As suggested by this American literature example, Google Apps for Education can be leveraged to provide a comprehensive learning experience. When students used the initial form, they were prompted to analyze texts and generalize what the authors might be saying about the identified themes. That evening when students viewed the spreadsheet that collected the group's work, they used the comments and chat functions to question and test their own and peers' hypotheses. Posting their thesis statements online enabled everyone to evaluate the quality of their classmates' insights. Finally, publishing their interpretations prompted synthesis as the team's ideas coalesced into one presentation.
Thus, as students are introduced to, use, and choose from this suite of tools, they are empowered with the skills to tackle authentic tasks, collaboratively construct meaning, and communicate their understandings.
Transfer goals cultivate students' ability to apply their learning in varied situations, beyond the context in which they learned it. Transfer goals have three key characteristics. First, they stipulate what learners should be able to do in the long run as a result of their learning experiences. Second, they require learners to apply their learning to new situations. And third, they involve the capacity for independent performance by the learner.
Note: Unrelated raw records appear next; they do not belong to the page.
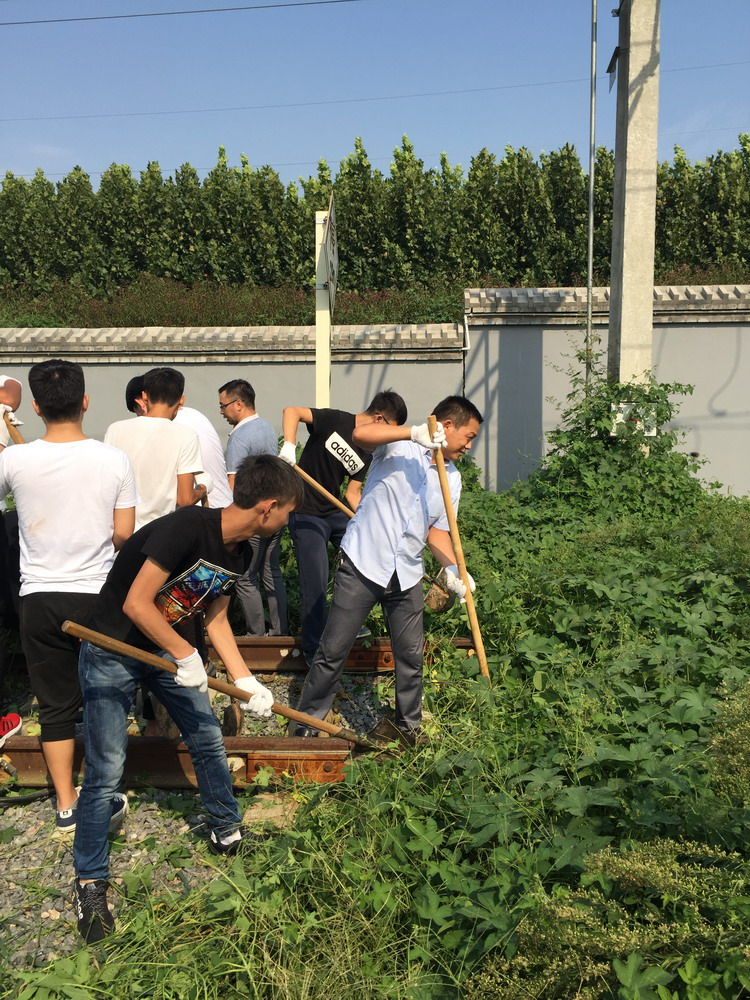 8月30日,为了营造良好的实验实训环境,二号实训楼组织青年教师和部分学生同学对综合演练场进行清扫整理。 放假期间,站场南段股道内杂草丛生,已将3个股道及其地面上的信号箱盒和电缆设备全部覆盖,影响了教学工作的展开。二号实训楼青年教师带领1522班的同学们,利用课余时间对杂草进行了清理,大家不怕脏不怕累,顶着烈日,最终完成了3个股道的清理任务。下一步将继续组织人员对演练场其他部分进行清理整顿,保障教学工作的顺利进行。
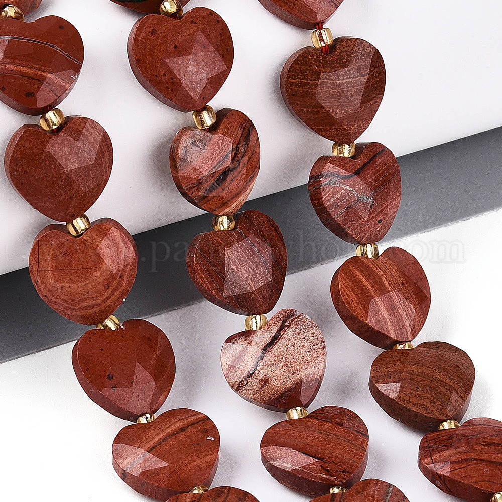 Натуральные красные яшмы бусы пряди, граненое сердце, с бисером
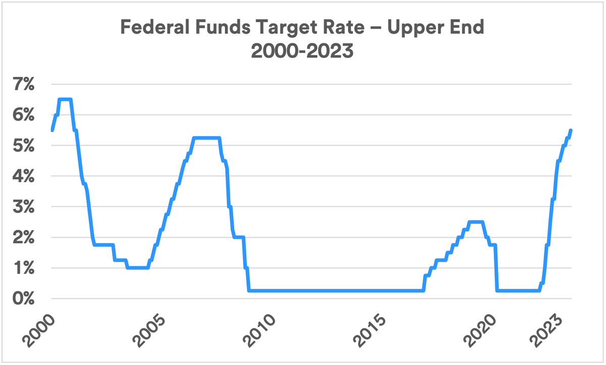 L’aumento dei tassi di luglio ha portato l’intervallo obiettivo per il tasso di riferimento della Fed dal 5,25% al ​​5,5%, il livello più alto in 22 anni. Ciò ha segnato una ripresa dell’inasprimento dopo che i funzionari hanno lasciato i tassi invariati alla riunione precedente per la prima volta da quando hanno iniziato ad inasprire all’inizio del 2022.
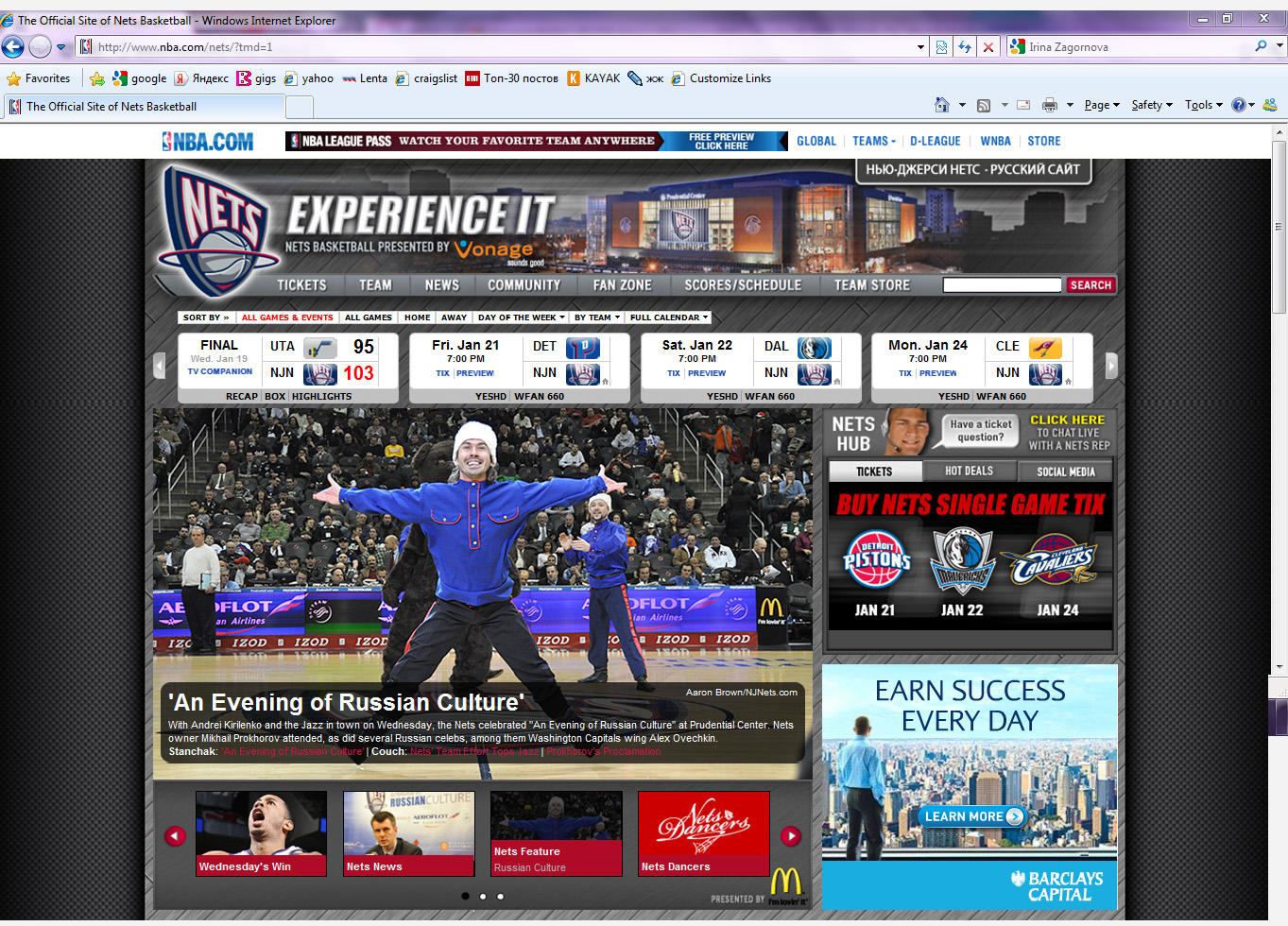 On Wednesday, June 27th, 2007 from 7:30pm to 11:00pm dancers of Russian dance and music ensemble Barynya and NYC Danchenko's Gypsy Show provided several performances during Russian Heritage Festival Spirits of Russia at the popular Club Copacabana in New York City. Exact address of the venue: Copacabana, 560 W. 34th St., Manhattan, NY 10019-1001. Cast of ensemble Barynya dancers: Ilia Pankratov, Mikhail Nesterenko, Vitaliy Verterich, Ganna Makarova, Olga Chpitalnaia, Olga Verterich.

Indeed, autonomous transfer gets at the heart of college and career readiness—in the world beyond K–12 classrooms, no professor or boss is likely to hold your hand and direct your every action. Transfer requires one to thoughtfully draw from one's repertoire of knowledge and skills to address unpredictable challenges and adjust to new circumstances.
Since the early days of the web, 11th grade students from Immaculata High School in New Jersey have engaged in a project that uses core digital tools to cultivate transfer skills. Because of their teacher's passionate advocacy against child slave labor, many of her students choose to write on this topic for their research project. If they do, their essays are published on her Child Slave Labor News website. Until recently, any search engine query for "child slave labor" listed this site first, above every other provider, including Wikipedia and the United Nations. By continually uploading new essays year after year, these students came to be ranked the number-one online information source on the subject. Imagine how these learners feel and how their performance rises to match their status! An online presence provides an excellent platform for demonstrating transfer. Students can publish their latest thinking and creations for a global audience and receive feedback in the form of comments; they often find themselves participating in authentic learning communities in which people care enough about a topic to collaborate, disagree, and ultimately build new knowledge. What could be a better learning experience?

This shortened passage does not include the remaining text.